Available records section start

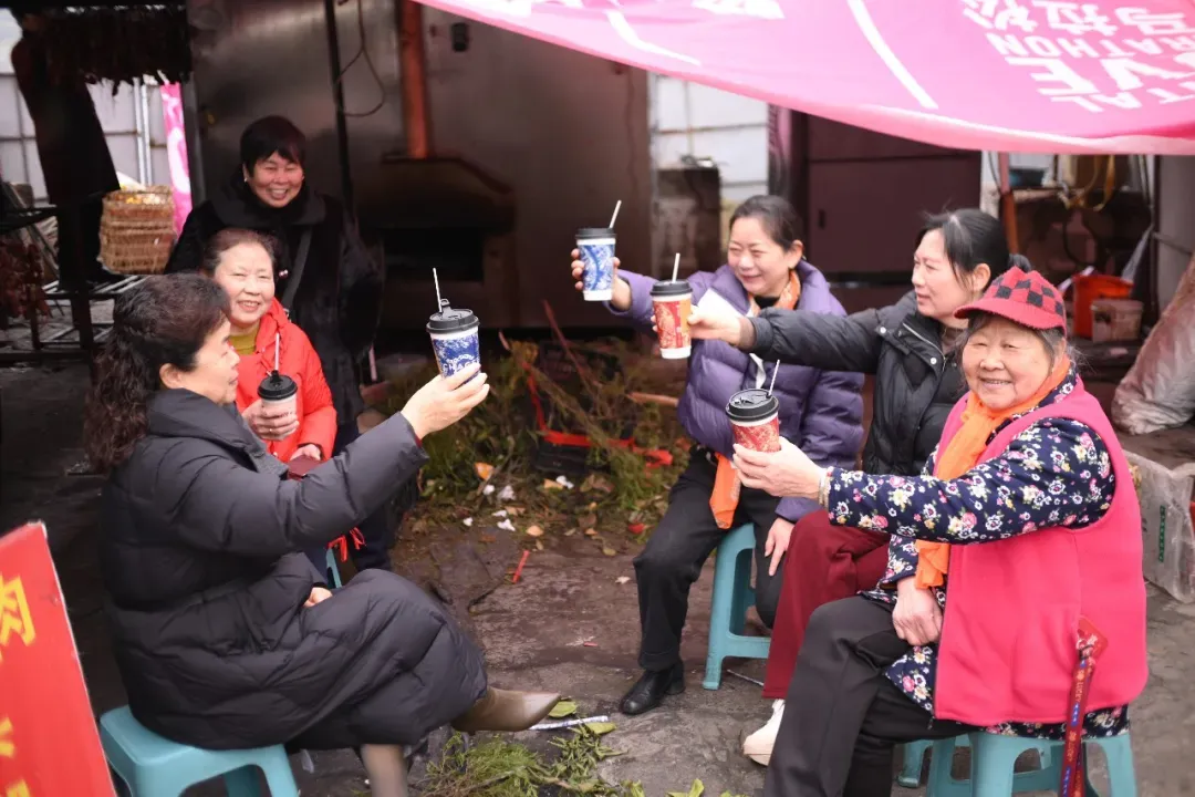 ▲坐等熏香肠腊肉的孃孃喝上了免费奶茶。
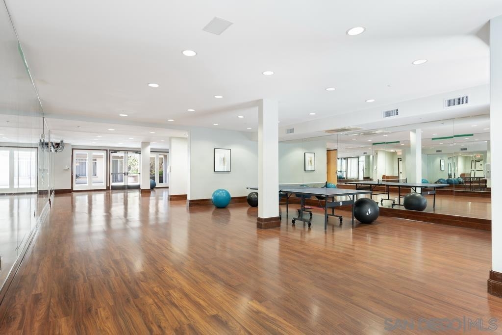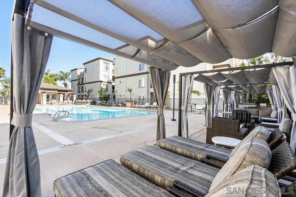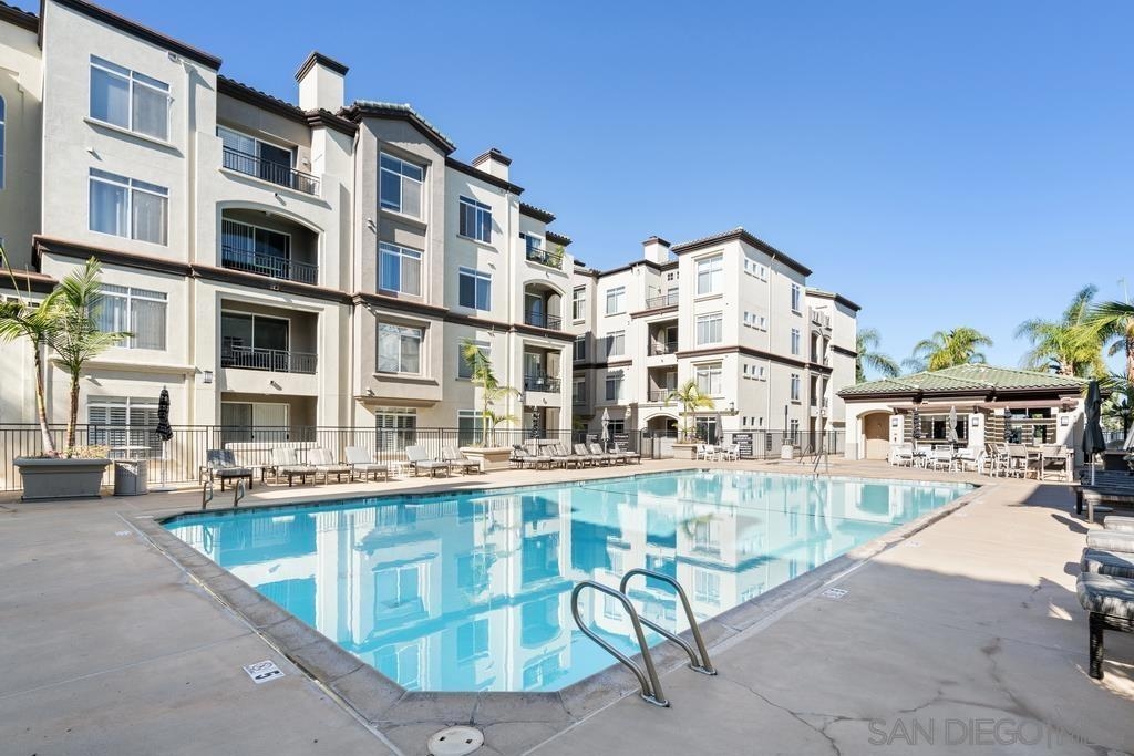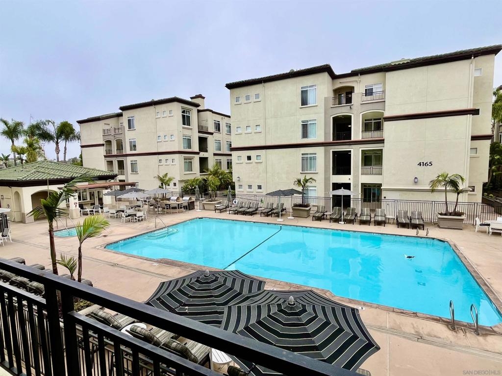 Rarely for sale! This naturally bright and spacious condo has engineered wood floors, 9-ft ceilings, crown molding, new paint and newer laundry machines. The roomy balcony overlooks swimming pool. Best location in the complex! Granite countertops and stainless steel appliances; wrap-around breakfast bar. TWO gated assigned underground parking. Near beaches, premier shopping, dining, UCSD, hospitals, and UTC mall. Easy access to MTS bus, Trolley, I-5, 805 and 56.
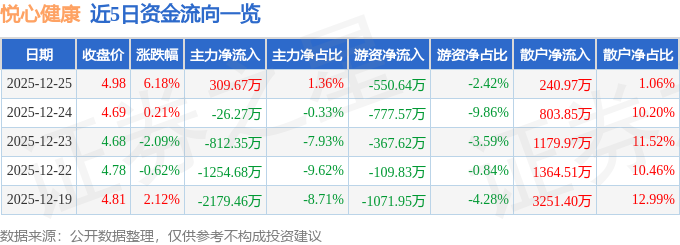 证券之星消息,截至2025年12月25日收盘,悦心健康(002162)报收于4.98元,上涨6.18%,换手率5.06%,成交量46.51万手,成交额2.27亿元。
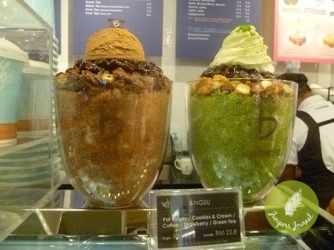 Now I haven’t had a proper ice kacang for some time. Caffe Bene offers “bingsu” or the Korean version of ice kacang with red beans and high quality nuts such as macadamias and almond slivers. The “bingsu” comes in single or double with the singles costing RM12.80 and the double over RM20 but the single is quite huge and can satisfy the cravings of 2 persons unless you really don’t want to share. You can choose between flavours such as cookies and cream, strawberry, green tea and chocolate.
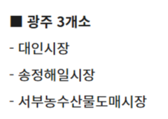 - 대인시장, 송정해일시장, 서부농수산물도매시장
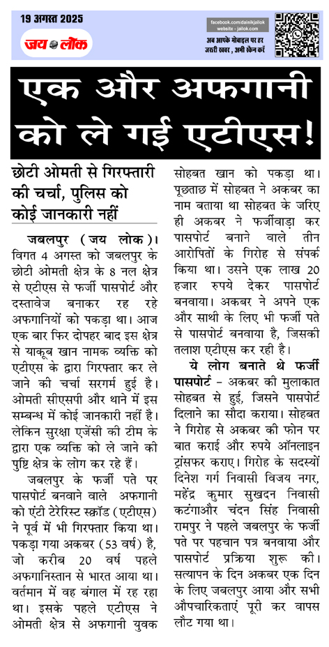 एक और अफगानी को ले गई एटीएस! छोटी ओमती से गिरफ्तारी की चर्चा, पुलिस को कोई जानकारी नहीं
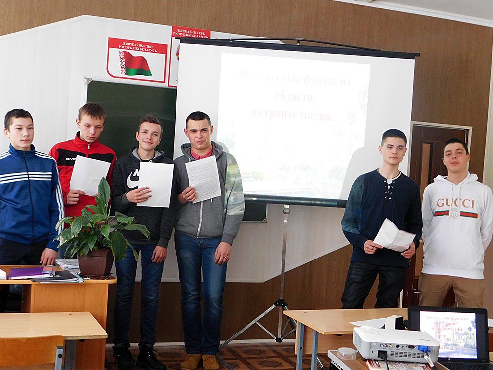 2. Беседа «Интересные факты из области строительства», группа № 10; с сообщениями выступали: Кочин Тимофей, Козич Владимир, Дорошко Максим, Мелюх Максим, Воробей Юрий.
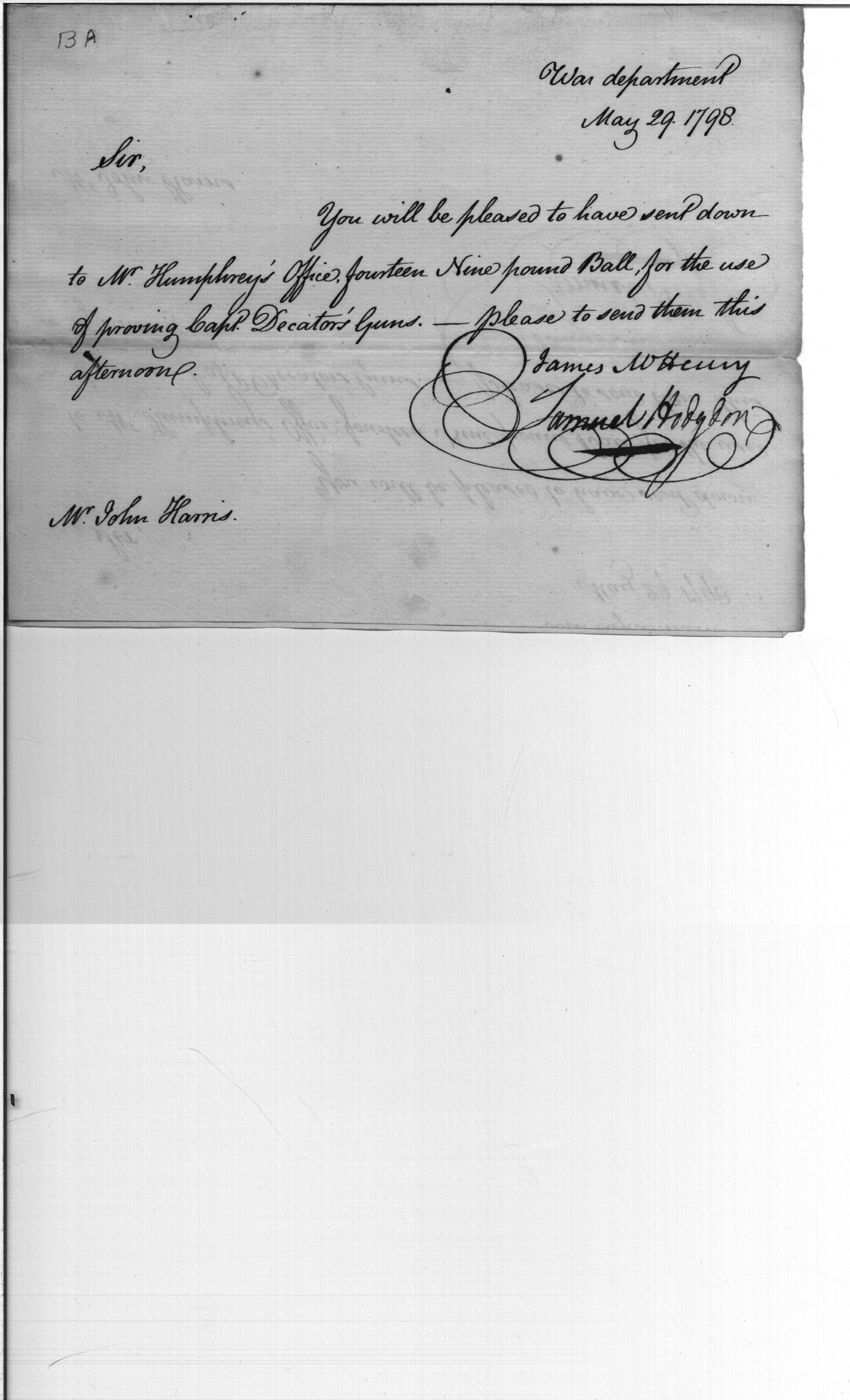 - Document: Nine-Pound Ball to Prove Captain Decator's Guns

Available records section end

▶ _Aim of the task_
Both the first line of the records above and the line containing "证券之星消息,截至2025年" belong in the copy; please return them and every line between, exactly, minus the pictures.

▶ _The answer_
 ▲坐等熏香肠腊肉的孃孃喝上了免费奶茶。
 Rarely for sale! This naturally bright and spacious condo has engineered wood floors, 9-ft ceilings, crown molding, new paint and newer laundry machines. The roomy balcony overlooks swimming pool. Best location in the complex! Granite countertops and stainless steel appliances; wrap-around breakfast bar. TWO gated assigned underground parking. Near beaches, premier shopping, dining, UCSD, hospitals, and UTC mall. Easy access to MTS bus, Trolley, I-5, 805 and 56.
 证券之星消息,截至2025年12月25日收盘,悦心健康(002162)报收于4.98元,上涨6.18%,换手率5.06%,成交量46.51万手,成交额2.27亿元。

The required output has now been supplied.